経済のグローバル化が声高に叫ばれ、世は情報社会に移ったといわれる。
経済活動は政治の思惑にお構いなしに先行して、国境も人種も言語も乗り越えて収斂してゆく。古い閉鎖的な国と民族は否応無しに取り残されてゆく。

本土から弾き出されたように落ちこぼれたように世界各地に流出していった華人は、太陽と豚のいる処シナ人がいると蔑まれてもその地で営々として生き続けてきた。
その出目から彼等の国への帰属意識は薄く、土地にも縛られず因習も少ない。
つい昨日まで流民と蔑まれて卑賎な職業しか選択の余地はなかったが、貨幣経済が主流になると僅かな間に途上国の経済を牛耳り、世界に散った血族はまさに国境を意識しない恐るべき力を貯えて、現代人が望むグローバルかつ強力な情報網を駆使して一躍経済世界に躍り出た感がある。
特に大陸東側の諸国、APEC、ASEANに隠然たるイニシャテイーブを持つまでになった。

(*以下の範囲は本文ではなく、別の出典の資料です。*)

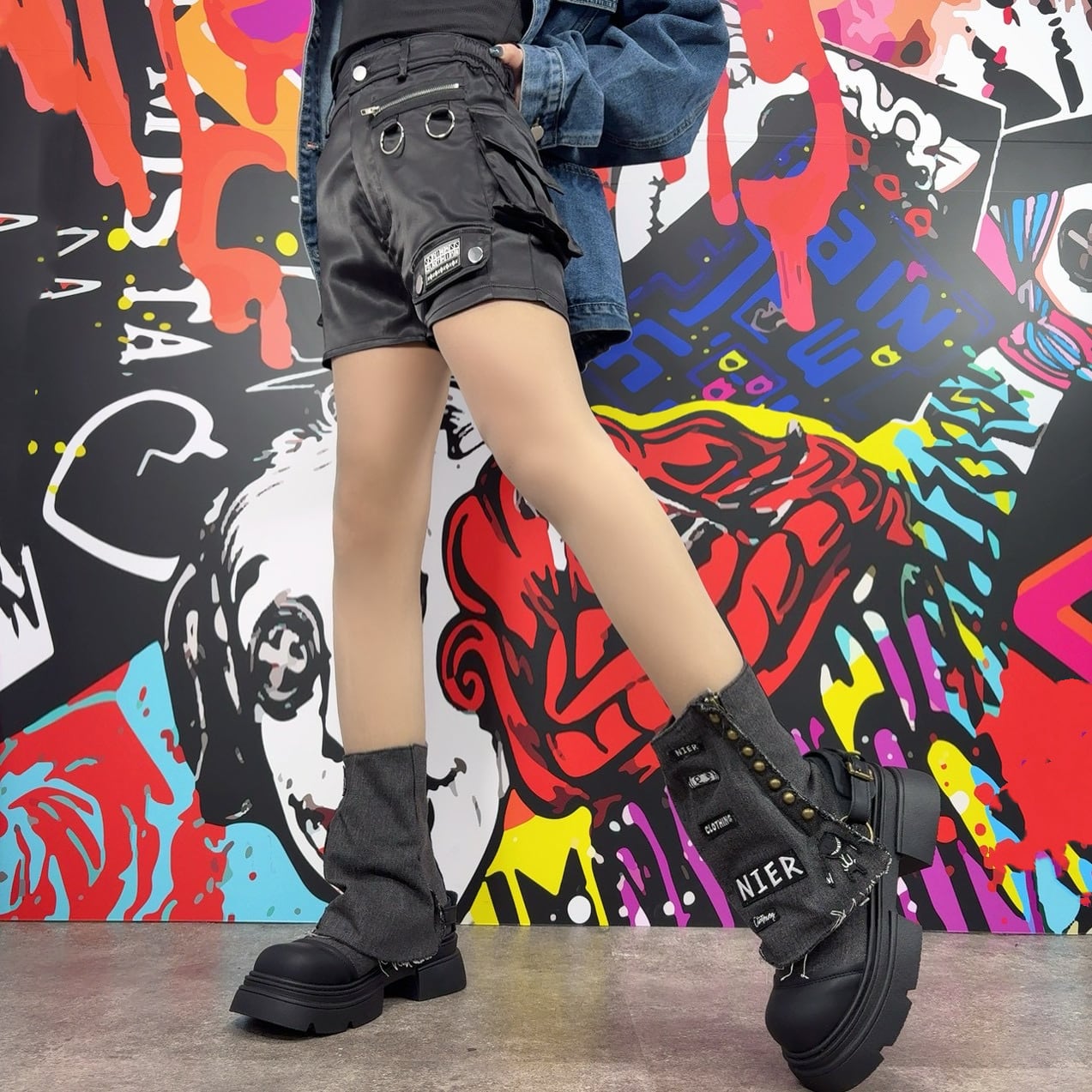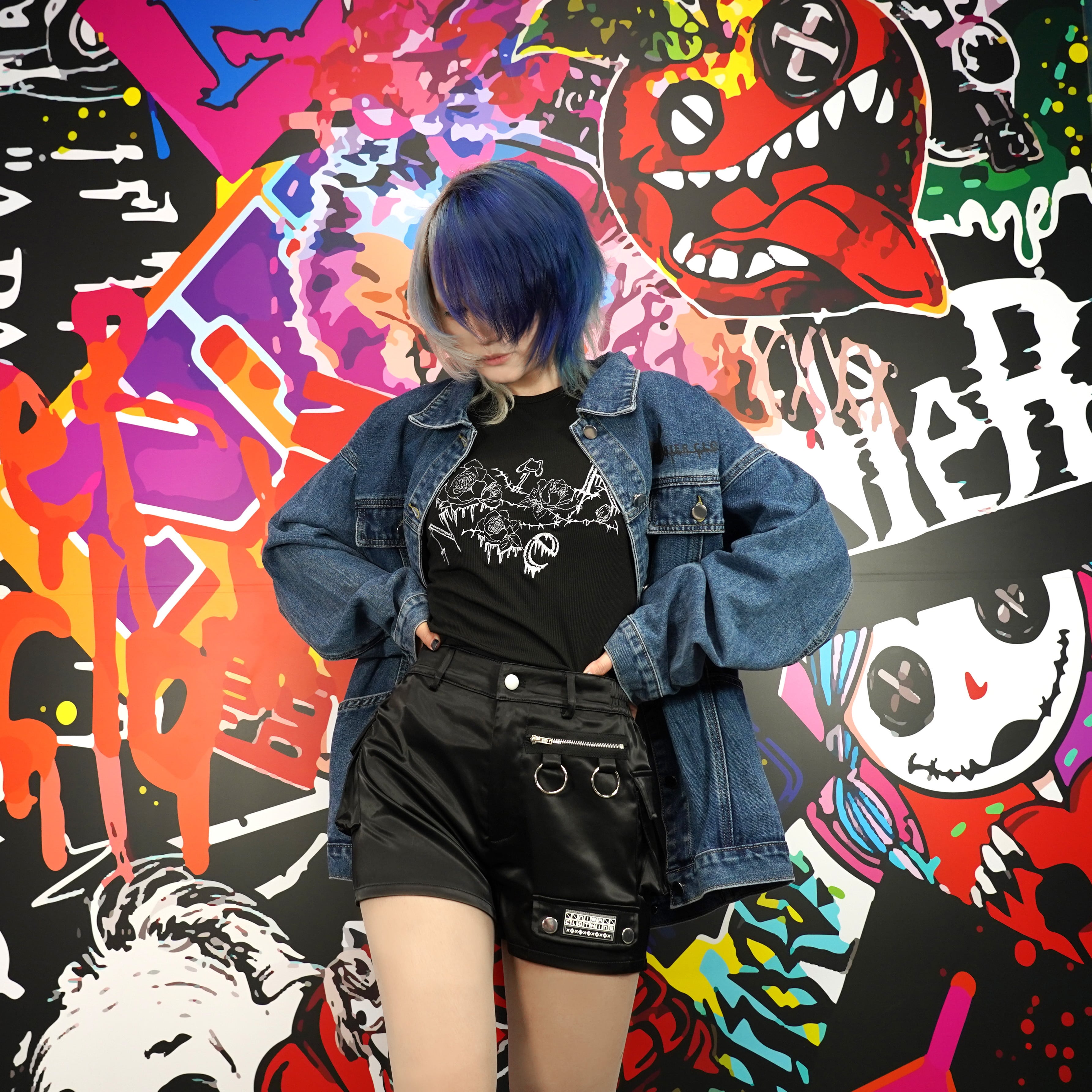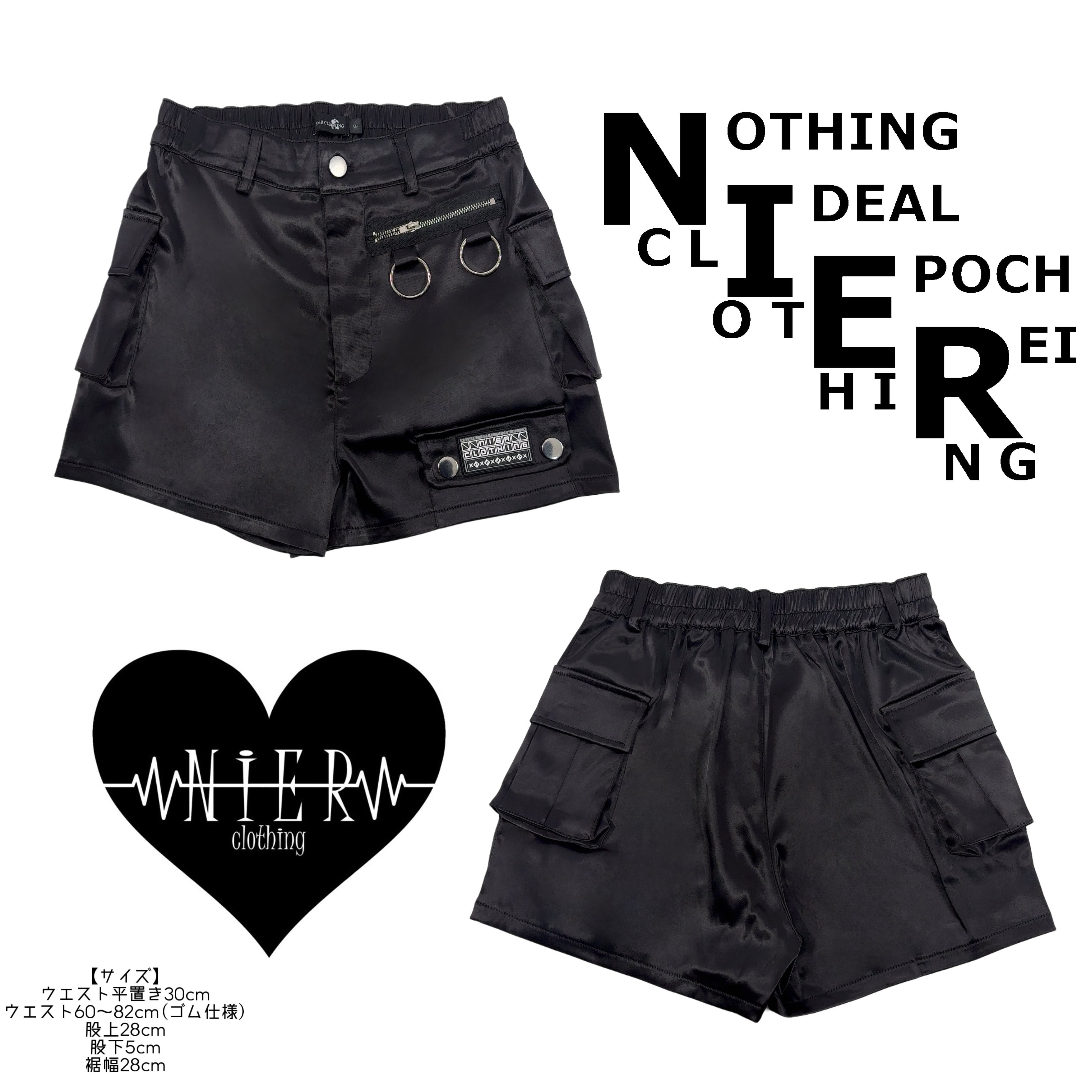 艶のあるブラック生地にメタルパーツが映え、どんなトップスとも相性抜群です。
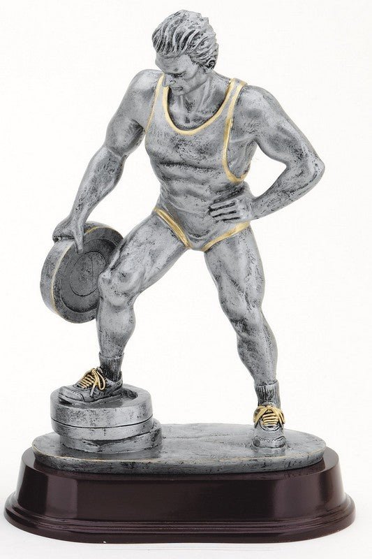 An Elegant Pewter And Gold Weight Lifter, Male Sport Award On Dark Finish Base With Room For An Engraving Plate

移住華人の最も多いのがインドネシアである。三百の種族の住むこの国の華人が新しい種族として彼等の将来を予見できるであろうか。

インドネシア華僑
人口に占める住民比率は3%だが650万人以上が暮らす。以下タイ610万人11%、マレーシア520万人29%、シンガポール209万で78%、フィリピン120万2%、日本には10万人で1%、北米にも126万人が居住している。世界全体では二千七百万以上といわれる。
インドネシア華僑はノン・プリブミ(非・地の人)、二代目(現地生まれ)をババ、Peranakan、中国生まれは新客(シンケ),Totokと呼ばれる。

首都ジャカルタだけでも二百万人が住むといえばシンガポール人口に匹敵し、単一国では最大の人口で、移住の歴史も恐ろしく古く、インドネシア中の町の何処に行っても商店は彼等が牛耳り地域に貢献しこの国の流通を握っているのに、いまだにぎくしゃくして余所者扱いで、なぜか水に浮く油のようにお互いどこかにシコリがある。
騒ぎが起こると決まって彼等が迫害されのは、国是 "多様性での調和"が泣くとゆうものだ。
大陸を離れて他郷で暮らす中国人を華僑と呼ぶが、インドネシア華僑の殆どはこの地で生まれ故国を知らないし同化政策もあって名前もインドネシア名だから華僑ではなく中国系インドネシア人が適当なのだろうが、華人を使う。
どんなに努力しても政治家や将軍にはなれない。多分土地を持っても農民にもなれない。 いつもチナと陰口をきかれどこかで差別される。
彼等も腹の中ではプリブミ(土地の人・土着人)を怠け者で見栄っ張りで馬鹿者と軽蔑している。 もし利口なら私等喰えないからねと平然とうそぶく。それでも決して母国に帰ろうとはしない。
彼等の生国はインドネシアなのだから。
そしてインドネシア華人問題は決して避けては通れない重大な要素を孕んでいる。
なにせ全経済の90%は既に人口比3%の彼等の手中なのだから。
そんな土地柄で、ここに来る時チナ人(Orang Cina)は蔑視語だからチョンホア(中華人)と言うように云われたが、どうもしっくりしないのでどちら側にも当たり障りのないチャイニ−ズを使うようにした。

ウンコとウンチ
庶民は、華人の女性をウンチ、男性をウンコと呼ぶ。(正確にはンチ、ンコだが)
はじめはこれ以上の蔑視語はないと思ってぞっとしたが、考えてみれば不潔な連想をするのは日本語だけだと気が付いて少しは安心したが、この言葉が会話の中に入るとドキッとしても、なにかユ−モラスな気もする。
語感的にはまことに当を得て聞こえるから妙だ。
古来太陽と豚のあるところ支那人がいる。世界人類の四人にひとりが中国系だ。
ウンチ、ウンコの町で不適当なら、チャイナタウンは何処も生活のエネルギ−に満ち溢れている。
確かに華人コロニイは独特の乱雑喧騒、良くいえば生命力に溢れるように、すさまじい欲の社会のようで怖じ気ずく。同じモンゴリアでかくも違うのはと考えさせるような詫び寂びなど薬にしたくてもなく、金ぴか赤飾りのけばけばしさが彼等の好みだ。喚き散らし泣きまくり、糞も味噌も一緒の生活は何処の国のチャイナタウンに行っても圧倒される。
だからウンコだとは決して言いはしないが、人類はひとつとは言っても、それはシェパ−ドと芝犬、狆とプ−ドルを連想させる程、マレー人村インド人村とは醸し出す雰囲気の違いを実感する。 日本人村はないが、あればどうなのだろうと思う。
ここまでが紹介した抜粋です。